AI assistants are here to shake up (or ruin) your fantasy sports league

The English Premier League, the world’s most popular soccer league, kicks off this weekend to a global TV audience of around one billion people across nearly every country. Alongside the action on the pitch, millions more will be selecting their fantasy football teams for the weekend’s fixtures.
Fantasy sports bring together friends and colleagues, adding a competitive edge that some take to extremes—poring over data and acting as armchair analysts. But a new initiative by the Premier League could change that dynamic: an AI chatbot integration that allows users to ask for team-picking advice. Instead of choosing their own squads, players will now be able to ask Microsoft Copilot to do it for them.
“There will be much more conformity and far less diversity of teams if AI chooses the lineups. It doesn’t come with our partisan opinions,” says Simon James, head of data science and AI at Publicis Sapient, and a fan of Plymouth Argyle, who play in the third tier of English soccer. That can be both a blessing and a curse, he admits, but it risks ironing out the quirks that make fantasy football unique. “Football is fundamentally about opinions, and fans are naturally more inclined to pick their players over rivals,” he says. “You’ll never see a Chelsea fan choosing Solanke over Joao Pedro, but the AI might. AI seeks the path of optimization, but that removes the tribal element that makes fantasy football so engaging.”
For James, “the fun part is choosing the unknown” in fantasy sports. “Can AI truly account for all these variables and gut instincts?” he asks. “Probably not.”

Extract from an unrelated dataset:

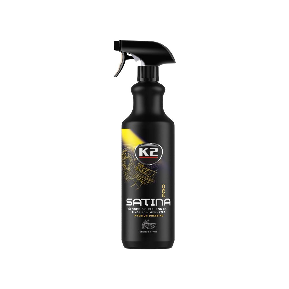 „K2 SATINA PRO“ profesionali, labai koncentruota ir išskirtinė, greito naudojimo priemonė, skirta profesionaliai prižiūrėti prietaisų skydelį ir visas plastikines dalis automobilio interjerui. Sukurtas reikliausiems automobilių priežiūros entuziastams. Naujoviškas gaminys atkuria pradinę plastiko, vinilo ar gumos dalių spalvą, giliai įsiskverbia į paviršių, pabrėžia spalvą ir natūralią jos tekstūrą. Palieka į satiną panašų efektą, be riebios ar blizgios išvaizdos. Sudėtyje yra antistatinių priedų, kurie atstumia nešvarumus ir dulkes nuo paviršiaus. Sudėtyje esantys naujausi priedai užtikrina idealią apsaugą nuo saulės UV žalingų efektų , suteikdami paviršiams ilgalaikę apsaugą . Panaudojus K2 „ Satin“ automobilyje bus ilgai juntamas gaivos ir švaros jausmas. Naudojimas: Padenkite priemonę ant mikropluošto šluostės arba tiesiai ant paviršiaus. Paskleiskite gaminį ir nušluostykite.
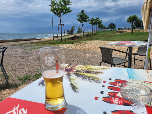 Am Ende waren es rund 15 Kilometer die uns sehr viel Spaß gemacht haben. Leider hat es zum Ende aus Eimern geschütet. Wir haben aber Glück gehabt und eine nette Pizzeria gefunden. Beim Essen beschlossen wir Morgen vor dem Wetter zu flüchten und nach Kroatien zu fahren.

“On the one hand, I am worried about overuse,” says Joanna Bryson, professor of ethics and technology at the Hertie School in Berlin. “I’m particularly worried about people—that somehow it’s combined badly with imposter syndrome. But on the other hand, I mean, we’ve had Google forever, right?”
Some fantasy players treat the game with near-professional seriousness, devoting hours to research that separates them from casual competitors—an effort that becomes easier with AI advice. Others who lack the time often copy picks from online analysts, with a cottage industry of human advisers already reducing the role of guesswork.

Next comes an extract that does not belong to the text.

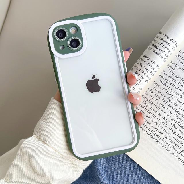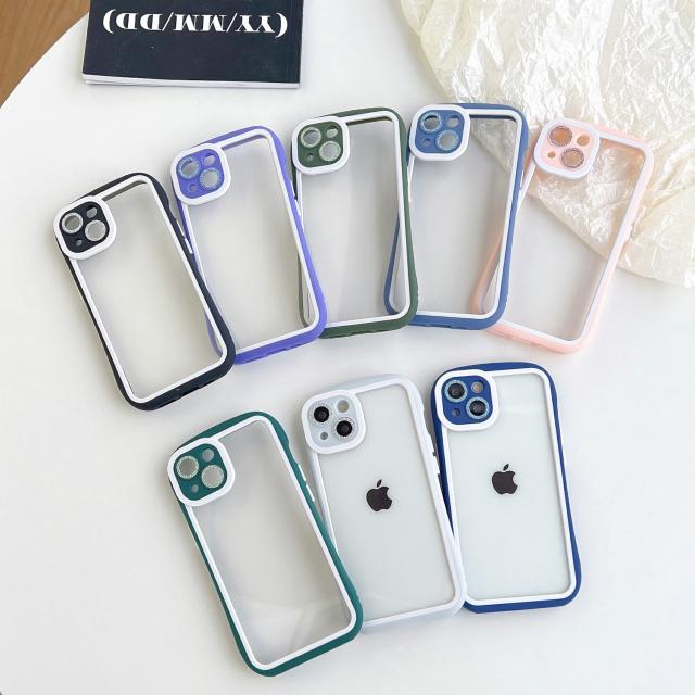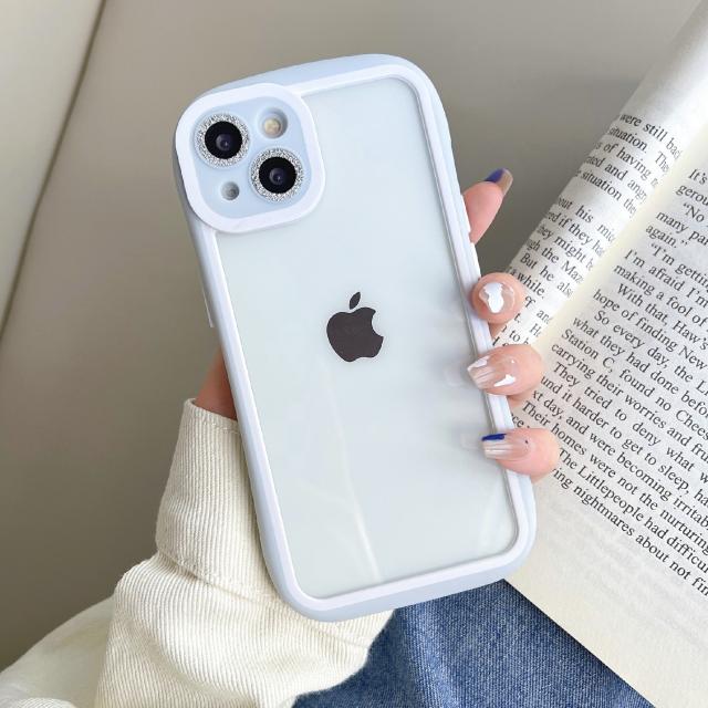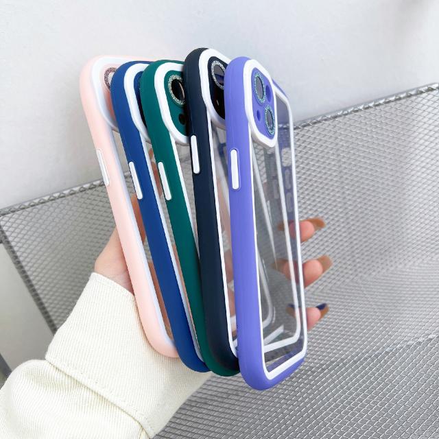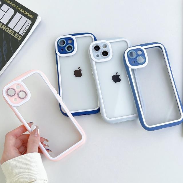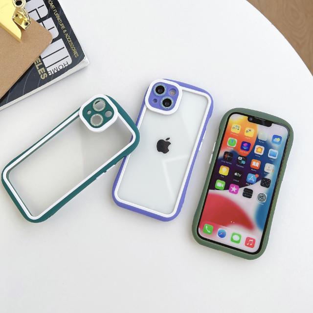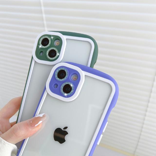 透明度の高いアクリルと柔軟性があるTPUを組み合わせた設計。iPhoneのカラーをそのまま楽しめます。キラキラのレンズ飾りでおしゃれをアップ。

Bryson, however, worries that AI could push this trend too far. “There’s just so many different ways to have fun, but that one might be over,” she says.

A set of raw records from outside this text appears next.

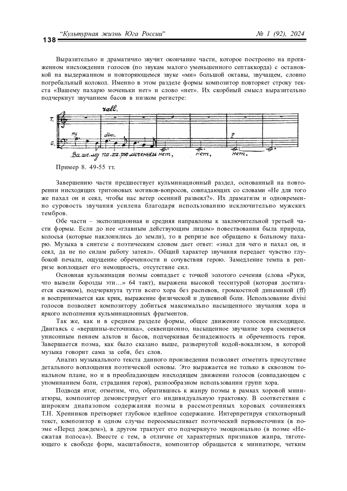 Статья посвящена исследованию отдельных аспектов художественной конц епции первой в истории хоровой музыки Китая оратории «Песня вечного сожаления», созданной композитором Хуан Цзы на стихи поэта Вэй Ханьчжана в 1932 году по поэме «Вечная печаль» классика национальной поэзии Бо-Цзюйи. В ид ейно-философском замысле оратории автор отмечает роль национальнопатриотической идеи, обусловленной событиями китайско-японского конфликта начала 1930-х годов. В музыкальной драматургии оратории отмечены многоплановость, яркие контрасты, наличие драматической, лирической, жанровой сфер; значимость пейзажного начала, картинности. Особо акцентирована оригинальная трактовка синтеза музыки и поэтического слова, преломляющая особенности национальных культурных традиций
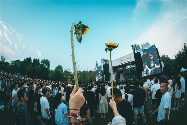 在其他消费场景,“超级本能”还与成都当地的特约餐厅、宾馆达成协议,为持电子门票的消费者提供打折。需要特别提到的是,“超级本能”还提前询问了在成都有自营店铺的观众,向其开放乐迷社群的推广、消费场景。一位开花店的谢天笑乐迷以“乐迷优惠价”带了近百枝“向阳花”到现场,真正实现了“乐迷消费内循环”。
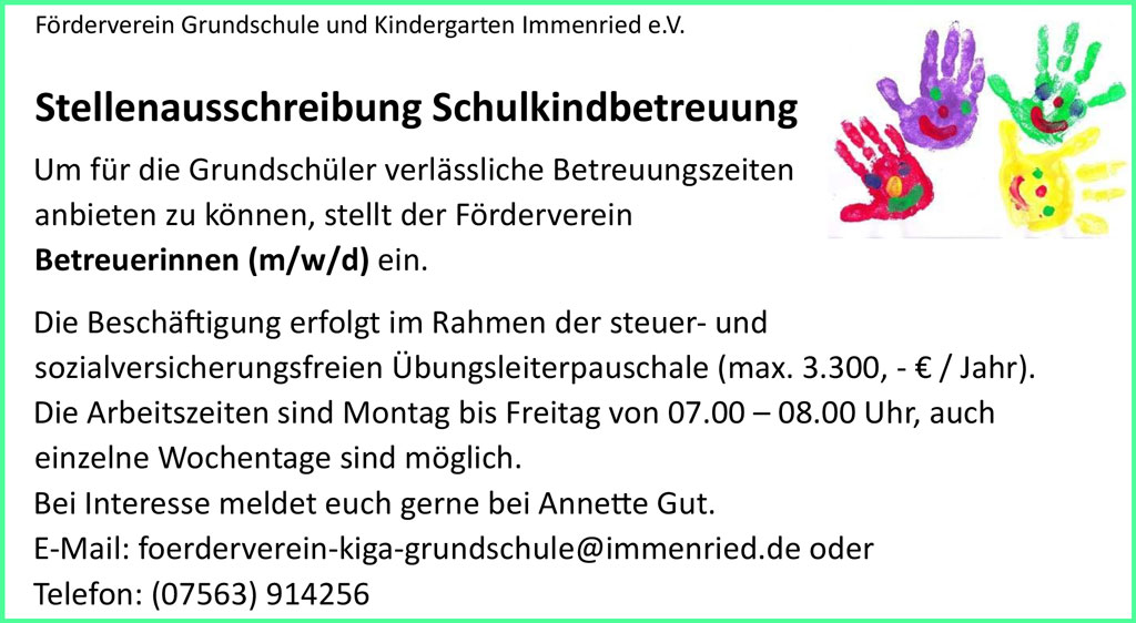 Damit die Betreuung auch künftig gewährleistet werden kann, freuen sich die Mitglieder des Fördervereins über interessierte Bewerberinnen und Bewerber sowie über jede Weitergabe der Ausschreibung. Auch rüstige Rentnerinnen und Rentner, die sich gerne einbringen und den Betreuungsalltag der Kinder aktiv unterstützen möchten, sind herzlich willkommen.
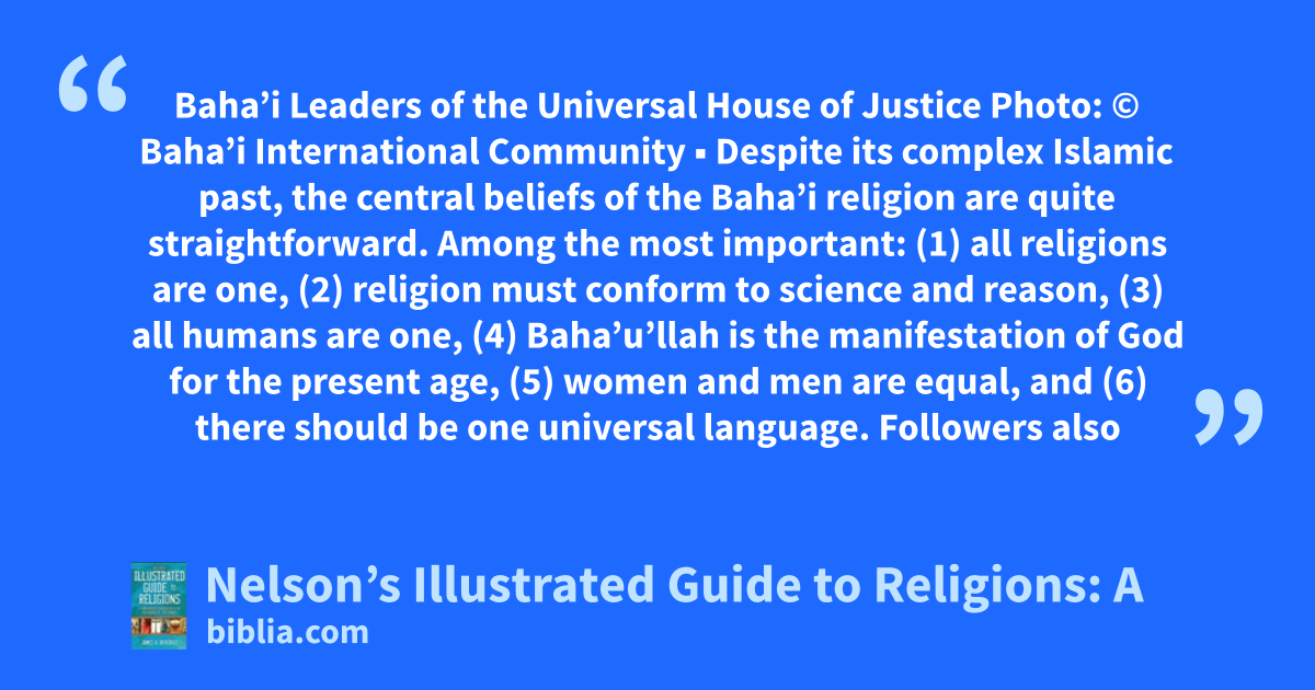 Baha’i Leaders of the Universal House of Justice Photo: © Baha’i International Community ■ Despite its complex Islamic past, the central beliefs of the Baha’i religion are quite straightforward. Among the most important: (1) all religions are one, (2) religion must conform to science and reason, (3) all humans are one, (4) Baha’u’llah is the manifestation of God for the present age, (5) women and men are equal, and (6) there should be one universal language. Followers also

Not so, argues Joe Lepper, host of the Fantasy Football Scout YouTube channel. “There is a lot of debate in the fantasy community about this,” he says. “Some people don’t like it at all. They think it’s going to destroy the game. And some people really like it.” Where you land depends on your personal opinion, and on how you and others use AI. Following its advice blindly is “obviously going to take the fun out of it,” says Lepper, “but if you use it to just give you information to then feed into your own decision-making, then the fun is retained.”
The move reflects the broader shift toward analytics in sports after Moneyball. Some welcome the precision; others believe it flattens the unpredictability that makes sport compelling. “People can choose to ignore it. People can choose to embrace it. But it’s not a case of man against machine. It’s more of a case of machine helping that,” says Lepper.
In the end, the debate mirrors the wider conversation about AI’s impact on our lives. As James puts it: “Just like in business, AI is excellent for automation, but the jury is still out for inspiration.”